In case you can’t see it, read the paragraph below the image or click to enlarge:

Author of THE BODY INSTITUTE Carol Riggs’s SAFE ZONE, set in a future where one teen boy discovers all the parents have been replaced with aliens, to Stacy Cantor Abrams at Entangled Teen, for publication in Fall 2016 (World). 

I’m excited about working with my excellent editor, Stacy, again. The announcement mentions one of my plot reveals, about the aliens—but luckily that discovery happens close to the beginning of the book.
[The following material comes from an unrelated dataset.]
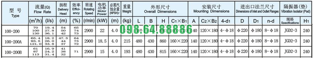 Máy bơm inline, bơm lắp thẳng trục đứng ISG100-200, IRG100-200 22kw, 100m3, 50m

The novel is also on Goodreads already, although without a “real” cover yet. Add it HERE or wait for a more complete summary before deciding if you want to read it.

How did I end up writing another sci-fi novel when I usually write light or contemporary fantasy? Well, Entangled wanted to follow up THE BODY INSTITUTE with another sci-fi, which is wise for second-book marketing purposes. I blew the dust off an old manuscript, sci-fi-ized it, and submitted that; it was accepted. Still, SAFE ZONE is light sci-fi rather than hard, even though it’s set on another planet.

2016: I will be busy this next year, revising SAFE ZONE. Plus, I’ve started writing a fairy tale retelling for a light fantasy novel. I’m still exploring, feeling my way into the voice and characters—it’s awesome to start a totally new project after doing revisions for so long!

What’s on your 2016 agenda? What are your writing or life goals for the new year?
How long has it been since YOU started a brand new project, rather than revising old ones?